Альфонсо покачал головой. В то, что африканец может устать от мяса, просто невозможно было поверить.
– А сколько зарабатывает чернокожий в Южной Африке? – спросил он.
– Около пятисот рэндов в месяц, если это обычный неквалифицированный рабочий, но там много и черных миллионеров.
Пятьсот рэндов было больше, чем человек зарабатывал в Мозамбике за год, и это еще, если ему вообще посчастливится найти работу. А миллион – это была такая цифра, которая просто выходила за пределы воображения Альфонсо.
– Пятьсот рэндов. – Он удивленно покачал головой. – А разве им платят в рэндах, а не в бумажных эскудо или зимбабвийских долларах? – взволнованно спросил он.
– В рэндах, – подтвердил Шон.
В сравнении с другими африканскими валютами рэнд был так же надежен, как золотой соверен.
– И в магазинах полно товара, товара, который человек может купить на свои рэнды? – подозрительно спросил Альфонсо.
Ему было трудно представить полки, полные товаров, предназначенных для продажи, исключая шеренги трогательных бутылок с местной газированной водой и пачки дешевых сигарет.
– Все, что хочешь, – заверил его Шон. – Мыло и сахар, растительное масло и консервированная кукуруза.
Для Альфонсо все это было позабытой роскошью.
– Сколько хочу? – переспросил он. – И никаких карточек?
– Столько, за сколько сможешь заплатить, – снова заверил его Шон. – А если твой живот набит до отказа, то ты можешь купить туфли, костюмы, галстуки, транзисторные приемники или темные очки…
– А велосипед? – взволнованно спросил Альфонсо.
– Только люди из самых низов ездят на велосипедах. – Шон улыбнулся, наслаждаясь сам собой. – Остальные раскатывают на машинах.
– У черных есть собственные машины?
Это Альфонсо обдумывал довольно долго.
– А для такого человека, как я, там найдется работа? – спросил он очень застенчиво, что было вовсе не в его характере.
– Для тебя? – Шон сделал вид, что задумался, а Альфонсо покорно ждал его приговора. – Для тебя? – повторил Шон. – У моего брата золотые рудники.

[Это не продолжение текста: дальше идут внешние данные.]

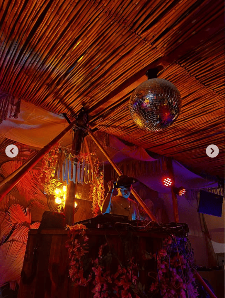 Algunas de las fotos más conmemorativas del evento que se desarrolló en un spot rodeado de sonrisas, luces cálidas y una ambientación exótica que transportaba directo al carnaval latino. Afro House, Latin House e Indie Dance fueron los géneros protagonistas de una fiesta llena de energía, baile y conexión.

Ты смог бы стать бригадиром уже через год. А через два – вырасти до начальника смены. Я могу устроить тебе работу в тот же день, как ты прибудешь на копи.
– А сколько получает бригадир?
– Тысячу, две тысячи в месяц, – пообещал Шон.
Альфонсо был поражен. В РЕНАМО ему платили примерно один рэнд в сутки, причем в мозамбикских эскудо.
– Да, я бы не прочь стать бригадиром, – задумчиво пробормотал он.
– А разве хуже быть сержантом РЕНАМО? – продолжал подшучивать над ним Шон.
Альфонсо иронически рассмеялся.
– Конечно, в Южной Африке ты не сможешь голосовать, – продолжал разыгрывать его Шон. – Право голоса имеют только белые.
– Голосовать? Что значит голосовать? – спросил Альфонсо, но потом сам ответил на свой вопрос: – В Мозамбике у меня тоже нет права голоса. Никто не голосует в Замбии, Зимбабве, Анголе, Танзании. Никто не голосует в Африке, разве что пожизненно выберут президента, да однопартийное правительство. – Он покачал головой и фыркнул. – Право голоса? Ты не можешь съесть право голоса. Или надеть его, или поехать на нем на работу. За две тысячи в месяц и за полный живот ты можешь забрать мое право голоса себе.
– В любое время, когда окажешься в Южной Африке, заходи навестить меня. – Шон потянулся и посмотрел на небо.
Уже можно было различить кроны деревьев. Вот-вот должен наступить рассвет. Они загасили окурки и поднялись с земли.
– Я должен тебе кое-что сказать, – прошептал Альфонсо. Его изменившийся тон сразу привлек внимание Шона.
Он снова присел на корточки и взглянул на шангана. Альфонсо смущенно прочистил горло.